Archive for the ‘Solaris’ Category

How To Add-Remove Vdisk From Guest LDOMS

September 8th, 2019, posted in Solaris
Share

I’ll share the simple steps needed to add and remove a virtual disk in a running domain without any outage.
This is a system running Oracle VM Server for SPARC 3.1 with a Solaris 11.1 guest domain named ldom0.
I used NFS storage because it is easy to set up and lets me use live migration.

 

Adding a virtual disk to a running domain

The entire sequence of commands in the control domain defines, adds and removes a disk while the guest domain runs:

# mkfile -n 20g  /ldomsnfs/ldom0/disk1.img       # 1. create a disk image file
# ldm add-vdsdev /ldomsnfs/ldom0/disk1.img vol01@primary-vds0 # 2. define vdisk
# ldm add-vdisk vdisk01 vol01@primary-vds0 ldom0 # 3. add disk to the domain
# ldm rm-vdisk vdisk01 ldom0                     # 4. take it away from the domain.
# ldm rm-vdsdev vol01@primary-vds0               # 5. undefine the virtual disk
# rm disk1.img                                   # 6. save a little space.

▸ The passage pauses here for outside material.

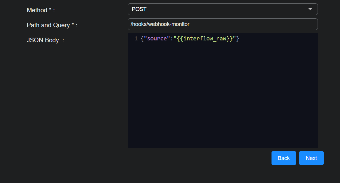 To send the raw Interflow record as the payload of the webhook request as a JSON object, use the following syntax in the JSON Body: {"source": "{{interflow_raw}}"}.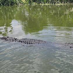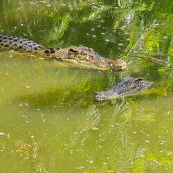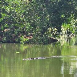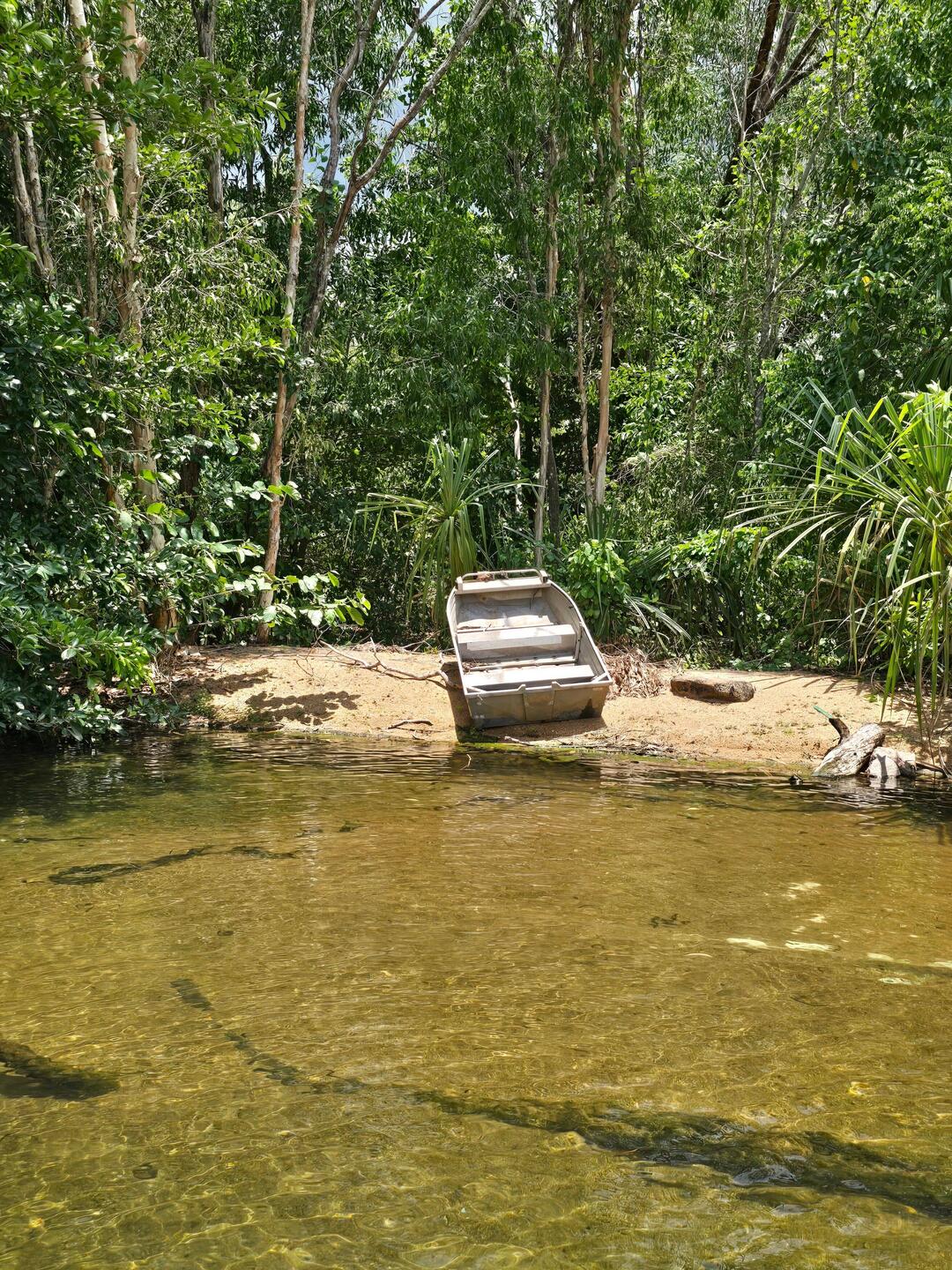 Im Darwin River Krokodile gesucht mit dem Boot. Und gefunden 🫣

That’s all there is to it. The new disk is available for the domain’s use after step 3 until I take it away in step 4.

 

Viewing reconfiguration from within the guest

Let’s take a look from the guest domain’s perspective.
In the guest, you can see one disk before adding more (before command 3, above) via the formatcommand:

# format
Searching for disks...done
AVAILABLE DISK SELECTIONS:
       0. c3d1 
          /virtual-devices@100/channel-devices@200/disk@1
Specify disk (enter its number): ^C

There’s one disk until ldm add-vdisk is issued in the control domain.
That results in a dynamic reconfiguration event that can be seen, if you are curious, by entering dmesg within the guest:

# dmesg|tail
...snip...
Nov 20 12:03:23 ldom0 vdc: [ID 625787 kern.info] vdisk@0 is online using ldc@16,0
Nov 20 12:03:23 ldom0 cnex: [ID 799930 kern.info] channel-device: vdc0
Nov 20 12:03:23 ldom0 genunix: [ID 936769 kern.info] vdc0 is /virtual-devices@100/channel-devices@200/disk@0
Nov 20 12:03:23 ldom0 genunix: [ID 408114 kern.info] /virtual-devices@100/channel-devices@200/disk@0 (vdc0) online

You can see the added disk using format and then use it. In this case I created a temporary ZFS pool.

# format
Searching for disks...done
AVAILABLE DISK SELECTIONS:
       0. c3d0 
          /virtual-devices@100/channel-devices@200/disk@0
       1. c3d1 
          /virtual-devices@100/channel-devices@200/disk@1
Specify disk (enter its number): ^C
# zpool create temp c3d0
# zpool list
NAME    SIZE  ALLOC   FREE  CAP  DEDUP  HEALTH  ALTROOT
rpool  19.9G  5.27G  14.6G  26%  1.00x  ONLINE  -
temp   19.9G   112K  19.9G   0%  1.00x  ONLINE  -

At this point I can just go ahead and use the added disk space. I could have done other things like add it to the existing ZFS pool
to make it a mirror, but this illustrates the point.

 

What happens if I try to remove an in-use disk

It could be very damaging to remove a virtual device while it is in use, so the default behavior
is that Solaris tells logical domains manager that the device is in use and cannot be removed.
That’s a very important advantage of Oracle VM Server for SPARC: the logical domains framework and Solaris work cooperatively,
in this and many other aspects.

In this case, we’re prevented from yanking a disk while it is in use.
If I try to remove the disk while it’s in use, I get an error message – exactly what you want:

# ldm rm-vdisk vdisk01 ldom0
Dynamic reconfiguration of the virtual device on domain ldom0
failed with error code (-122).
The OS on domain ldom0 did not report a reason for the failure.
Check the logs on that OS instance for any further information.
Failed to remove vdisk instance

The reason is “because it’s in use!” 🙂 An administrator would log into the guest to see what file systems are mounted.
This behavior can be overridden using the “-f” option if you are certain
you know what you’re doing.

Removing the disk

I issued zpool destroy temp in the guest and repeated the ldm rm-vdsdev and it worked.
Using zpool export temp would work just as well, and if I choose I can add that virtual disk to a different
domain and it could use zpool import temp to access data created by ldom0.
With other file systems, a regular umount would have the same effect, making it possible to remove the disk without -f.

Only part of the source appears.